9. In Pramod Suryabhan Pawar (supra), while dealing with a similar situation, the principles of law which must govern a

929-CriAppln-2423-2020.odt

situation like the present were enunciated in the following observations:

"Where the promise to marry is false and the intention of the maker at the time of making the promise itself was not to abide by it but to deceive the woman to convince her to engage in sexual relations, there is a "misconception of fact" that vitiates the woman's "consent". On the other hand, a breach of a promise cannot be said to be a false promise. To establish a false promise, the maker of the promise should have had no intention of upholding his word at the time of giving it..."

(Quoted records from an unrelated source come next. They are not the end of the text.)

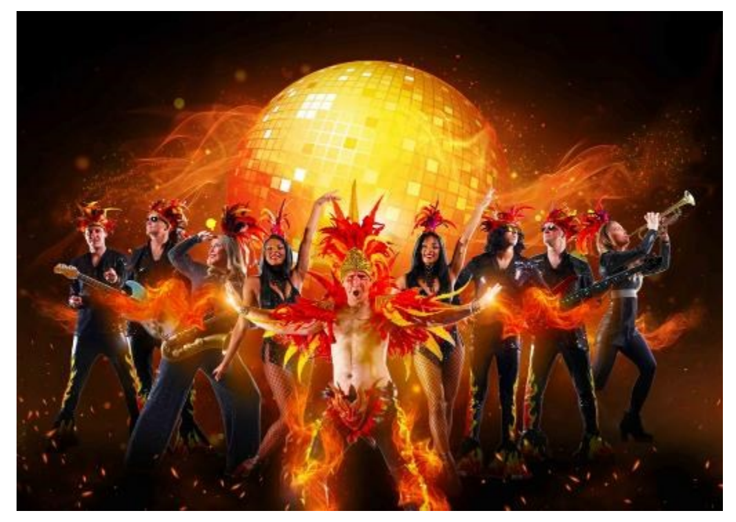
Uncle Funk's Disco Inferno: The UK's Premier Disco Covers Band Set to Light Up the Stage at Bourne Corn Exchange

Get ready to put on your dancing shoes and relive the magic of the disco era as Uncle Funk's Disco Inferno, the UK's top disco covers' band, takes centre stage at the Bourne Corn Exchange on 21st October.
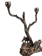
221: Patrick Mavros Sterling Silver Candelabrum
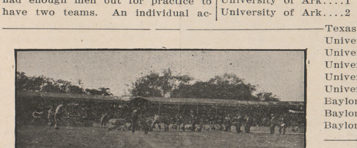
An Exciting Moment.

points ...27-A. & M.125 A larger amount of enthusiasm was displayed in the company football games this year than has ever been shown before. Each company always had enough men out for practice to
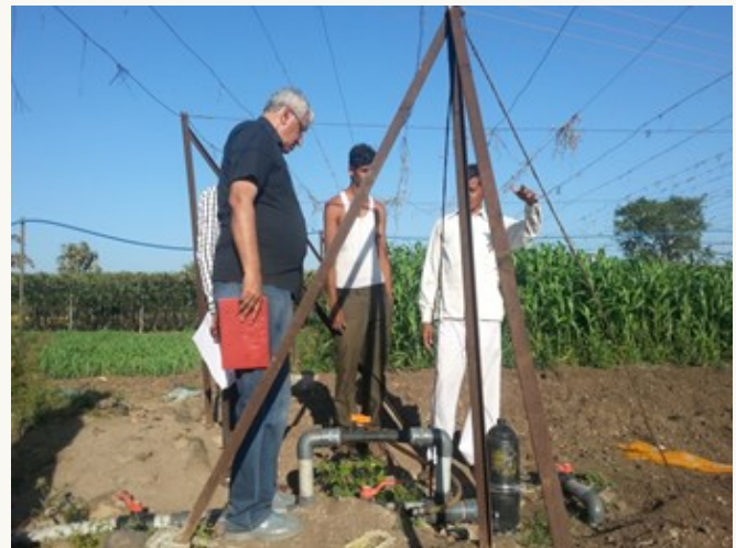
Ground water over exploitation for agricultural use in Nashik, India. @ Thakur and Kumani, 2015
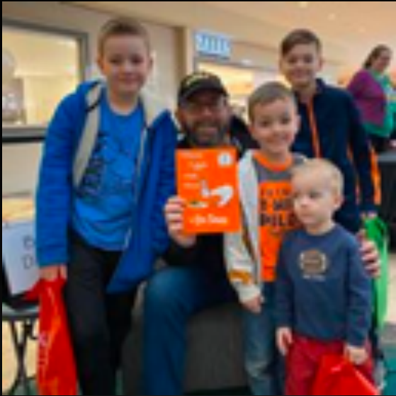
READ ACROSS AMERICA WEEK
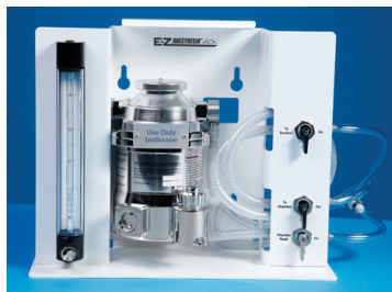
Vaporizer for EZB800 single animal system.

This is the system of choice for anesthetizing small animals. Animals to be anesthetized are placed into the acrylic induction chamber, and the system delivers a precisely blended mixture of oxygen and isoflurane.
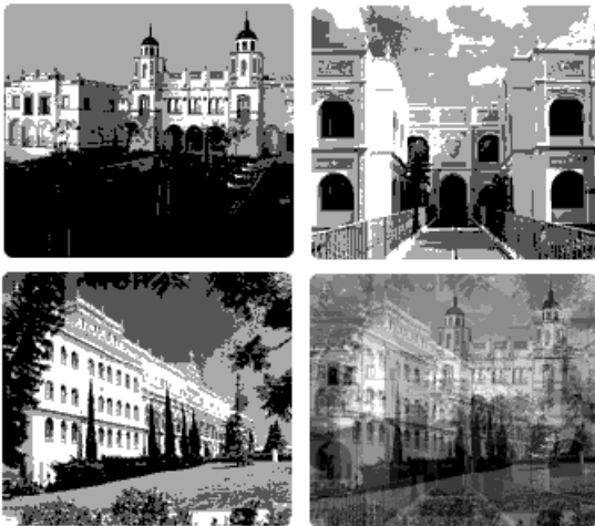
Fig. 2. The original images and observation image.
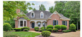
106 TROON 4 BD | 3.1 BA | 3,309 SF | $799,000
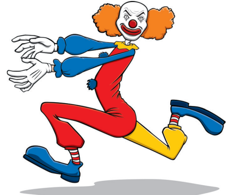
Clown sightings led to a police response in Sloan. Three clowns were jumping in front of and chasing cars on Reiman Street.

10. Further, the Court has observed:

"To summarise the legal position that emerges from the above cases, the "consent" of a woman with respect to Section 375 must involve an active and reasoned deliberation towards the proposed act. To establish whether the "consent" was vitiated by a "misconception of fact" arising out of a promise to marry, two propositions must be established. The promise of marriage must have been a false promise, given in bad faith and with no intention of being adhered to at the time it was given. The false promise itself must be of immediate relevance, or bear a direct nexus to the woman's decision to engage in the sexual act."

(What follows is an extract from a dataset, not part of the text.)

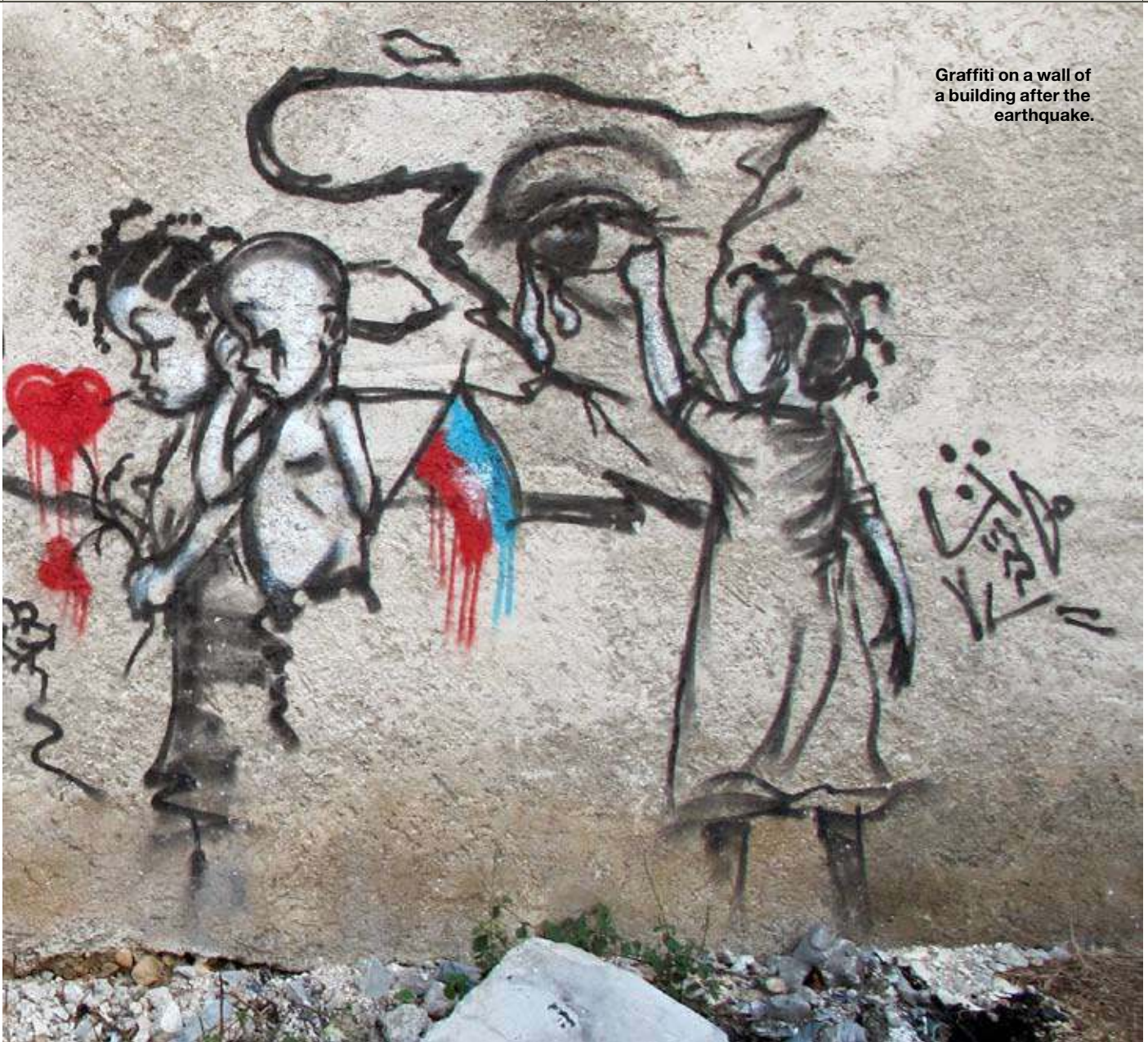
Graffiti on a wall of a building after the earthquake.

“I would say that registration [of those in camps] would have been almost impossible without the support of the communications teams.”

11. Bearing in mind the above settled legal position and reverting to the

facts of the case in hand, we are of the considered opinion that here also, the

informant has alleged that applicant-accused assured to marry her. Therefore,

as such, there was no promise to marry at all. In the light of such material on

record, it is improper to attribute any false promise or cheating by promising

929-CriAppln-2423-2020.odt

to marry and thereafter seeking consent to maintain physical relations. On

taking survey of entire material available before us, we are more than

convinced that whatever intimacy or relations and sexual encounters allegedly

took place between informant and applicant and moreover, which had spread

for a span of almost two years, were nothing but consensual. The FIR about

the instances which began in September-October 2015 has been reported to

the police directly on 05.07.2020 i.e. almost after four to five years. The

informant herself has admitted that she lived and moved with the applicant as

his wife. Consequently, there is room to infer that the FIR is with oblique

motive and there is substance in the case of applicant that the FIR is offshoot

of FIR at his instance against informant for commission of offence under

Section 420 of IPC.

12. Time and again the Hon'ble Apex court had reiterated that powers

under Section 482 of Cr.P.C. must be exercised in two contingencies, i.e.

firstly, to prevent the abuse of process of law and secondly, for securing the

ends of justice. In the light of such precedent, here we find the case in hand

also to be prima facie disclosing initiation of criminal proceedings which

apparently amounts to abuse of process of law. If such proceedings are allowed

to be continued, it would definitely render injustice to the applicant.

Therefore, for securing the ends of justice, we are inclined to grant the relief

as prayed and accordingly proceed to pass following order:

929-CriAppln-2423-2020.odt

ORDER

I. The application is allowed in terms of prayer clauses [B] and [B-1].

II.      The application is accordingly disposed off.



     (ABHAY S. WAGHWASE, J.)                     (SMT. VIBHA KANKANWADI, J.)